# Dipole Antenna Insulators



## YuccaFlatsRanch (May 3, 2004)

Would the approx 3/8th inch thick white polyethylene plastic used in cutting boards be suitable for using to make the center insulators and end insulators for homemade dipole antennas?? If so the price is really right - FREE (if you re-purpose older cutting boards that need replacing anyway).


----------



## illinoisguy (Sep 4, 2011)

Super. Should work great. I made several dipoles using something similar.


----------



## DYngbld (Jun 16, 2009)

Don't see why it wouldn't work like a champ.


----------



## Space Cowboy (Apr 26, 2008)

The engineer in me would say double it up, but sounds great!

SC


----------



## PNP Katahdins (Oct 28, 2008)

We use pieces cut from old 5-gallon plastic buckets. Same idea. Put several holes in each one and thread the wire and tie-off rope through to spread the load. Ditto with the center piece. Lots of wire dipoles stored here for contesting and Field Day use.

73 de Peg


----------



## BillHoo (Mar 16, 2005)

In an Army Survival Course I took a lifetime ago, we used the plastic spoons from field rations as insulators for antennas made from WD-1 "commo" wire or "field wire" and bamboo rods - the little white plastic spoons, not the longer brown plastic spoons used in MREs today.
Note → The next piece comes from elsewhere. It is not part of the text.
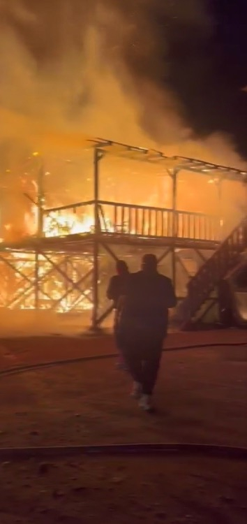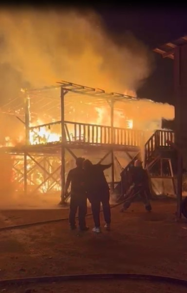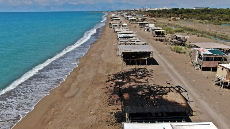 Antalya’da otellere komşu, denize sıfır inşa edilen çardaklarda çıkan yangında 2 çardak kül oldu.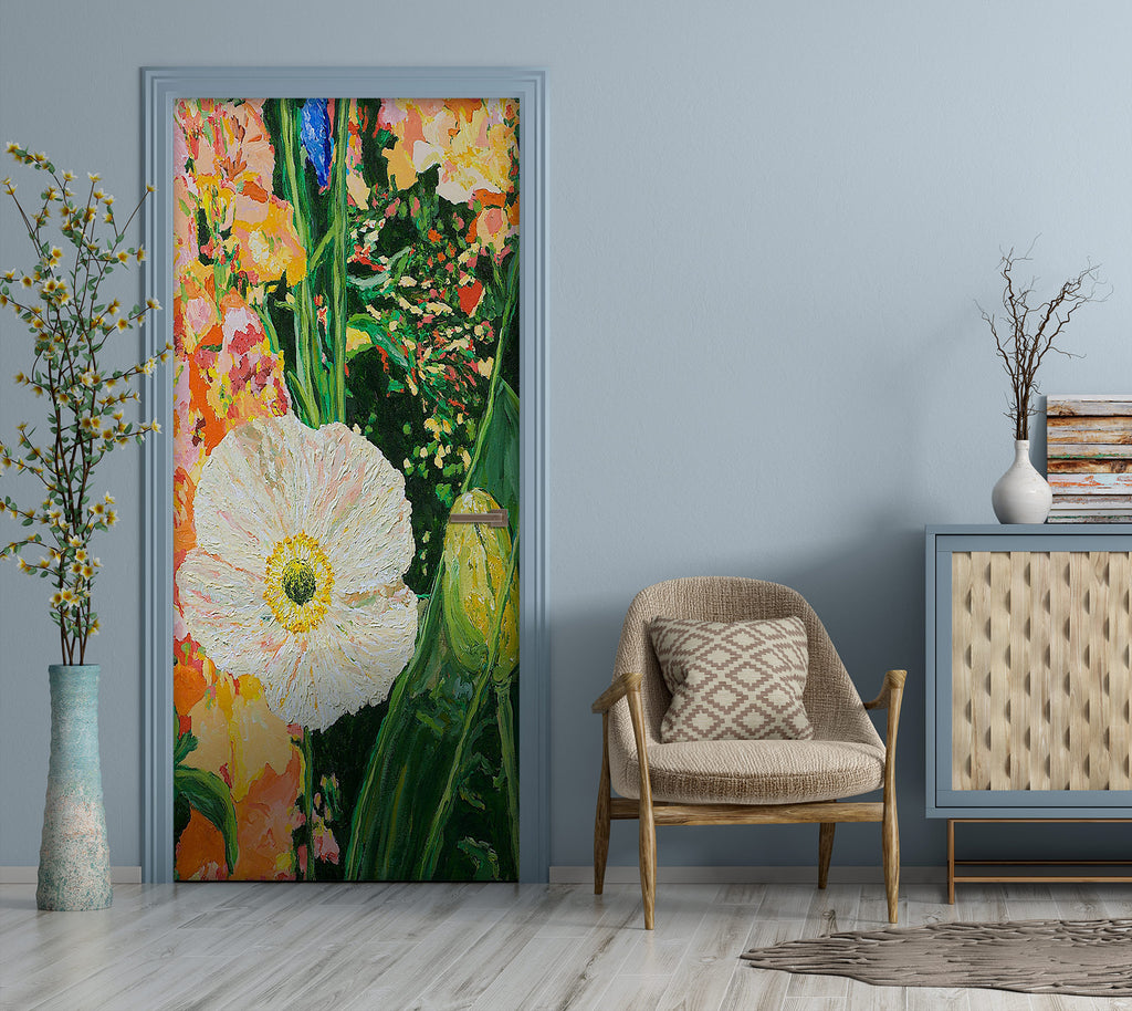 3D White Flowers Clump 9366 Allan P. Friedlander Door Mural Sinsin

I suppose the brown spoons could also be used, but I have not utilized them in that way, so I cannot attest to their effectiveness.

Holes can be drilled into the plastic easily with the sharp tip of a knife.

If that can be used, I say cutting board plastic sould be used as well.


----------



## Gary in ohio (May 11, 2002)

That will work...


----------



## radiofish (Mar 30, 2007)

Here is a site, that gives other ideas for home brewed antenna insulators from discarded materials. 

$4 SPECIAL

In the past while camping for work - I even used the handles from a couple of broken plastic spoons/ forks, as an insulator for an end fed wire. I had heated a discarded nail over a campfire, in order to melt a hole in the ends, and it worked like a champ.


----------



## YuccaFlatsRanch (May 3, 2004)

Good article - suitably irreverent for Homesteadingtoday.com. I think I will use my old plastic cutting board that needs replacing due to uncleanable knife cuts in it after all. The cost is surely right - it didn't cost more than about $5.99 when new and it will make 10-12 end insulators and a couple of center mounts. How far wrong can I go with that?? In fact since I am going to help construct antennas for Field Day next Friday, I think I will take a hand full along to see what the others think of them.


----------



## NoClue (Jan 22, 2007)

I've always just used nylon zip ties for my insulators. Never had a cutting board to spare.


----------